May 11, 2009 – Between trail mile marker 4.5 and 5.0 you will see new HCPV towers within SNWA River Mountains Water Treatment Facility. HCPV stands for High-Concentration Photovoltaic. These units will generate approxmiately .208 Mega-Watts to help meet SNWA power needs. SNWA is committed to generate 20% percent of its energy needs through renewable resources by 2015, which parallels Nevada’s Renewable Energy Portfolio Standards.
Photo below taken May 10, 2009 by Paul Grube
Southern Nevada Water Authority has provided me the following fact sheet on this installation. See below…
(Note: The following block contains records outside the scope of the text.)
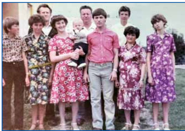
Laci kak mladi oče na srejni kejp, pri njem stoji žena z detetom v rokaj.

»V tretjom razredi je ranč tak vōprišlo, ka eno leto je name tō včila. Tau je nej bilau dobro, zato ka te sem se še bola mogo včiti kak če bi me druga učiteljica včila. Pa leko povejm tau tō, ka do mene je dosta bola sigurna (stroga) bejla, kak do drugi mlajšov. Sledkar, gda sem že v višje razrede odo, je tō nej bilau dobro, dja sem
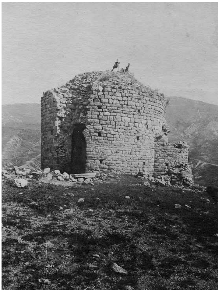
La Pobla de Lillet. L'església de Sant Miquel de Lillet, abans de la restauració portada a terme per Jeroni Martorell.

Quatre generacions implicades en un mateix objectiu, independentment de les situacions polítiques de cada moment històric que els va tocar viure. (1)
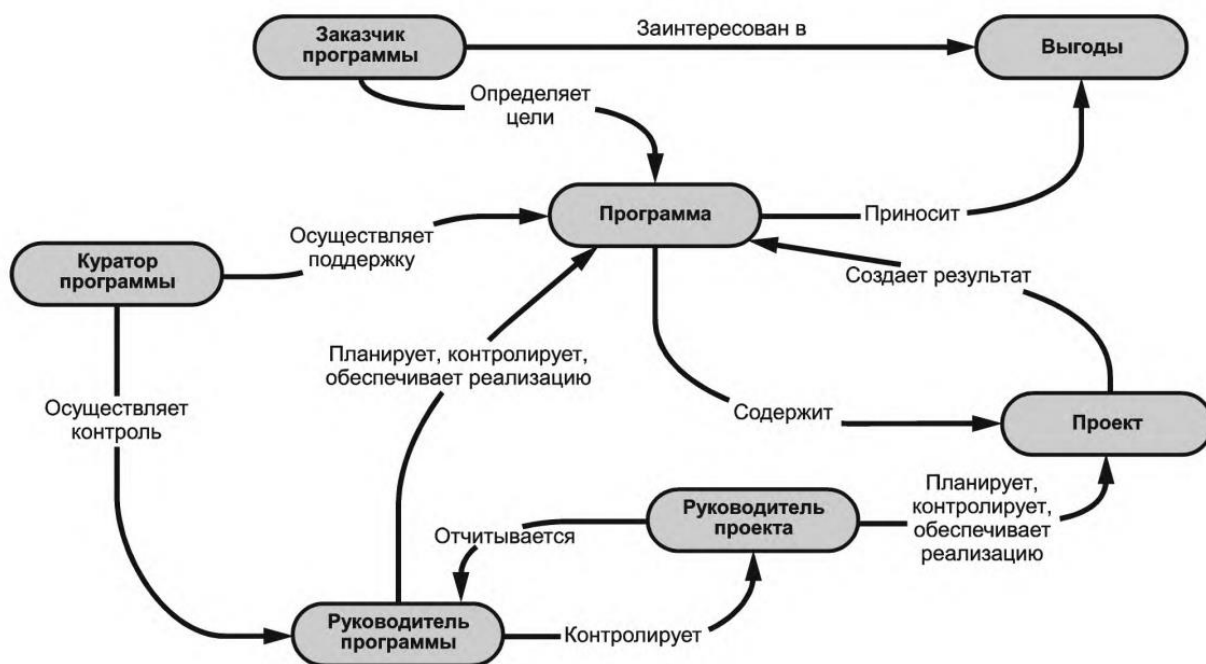
Рисунок 2. Основные понятия менеджмента программы и их взаимосвязь

Для программ, реализуемых в сфере образования, понятие «выгода» по большей части неуместно, в представленных схемах применительно к отрасли следует эту позицию заменить на «изменение состояния», «результат» или «эффект».
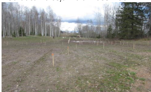
Birztaliņas staru stādīšana 29.04.
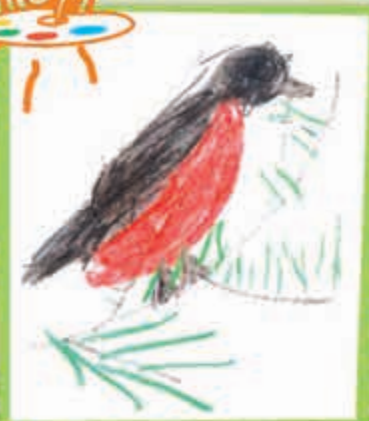
Милина КОЧЕСОКОВА, 5 лет, г. Нальчик

RMWTF Solar Panel Installation
To promote its overall goals of sustainability and green living, the Southern Nevada Water Authority has initiated a renewable energy project to generate solar electricity. The project includes the installation of photovoltaic [solar] panels on the northeastern corner of the River Mountains Water Treatment Facility. (RMWTF)
The project will initially include approximately eight 55-foot-wide by 40-foot-tall solar modules on pedestals. A close-up example of what these solar modules will look like can be viewed as you drive northbound on Highway 93/95, just past the Russell Road exit on the east side.
The panels’ anti-reflective coating will maximize sunlight utilization while minimizing light reflection. There will be no emission of excess heat, and the system will not utilize storage batteries. To maximize efficiency, the panels will gradually rotate to track the sun’s daily movements during daytime hours; however, the system will operate noiselessly.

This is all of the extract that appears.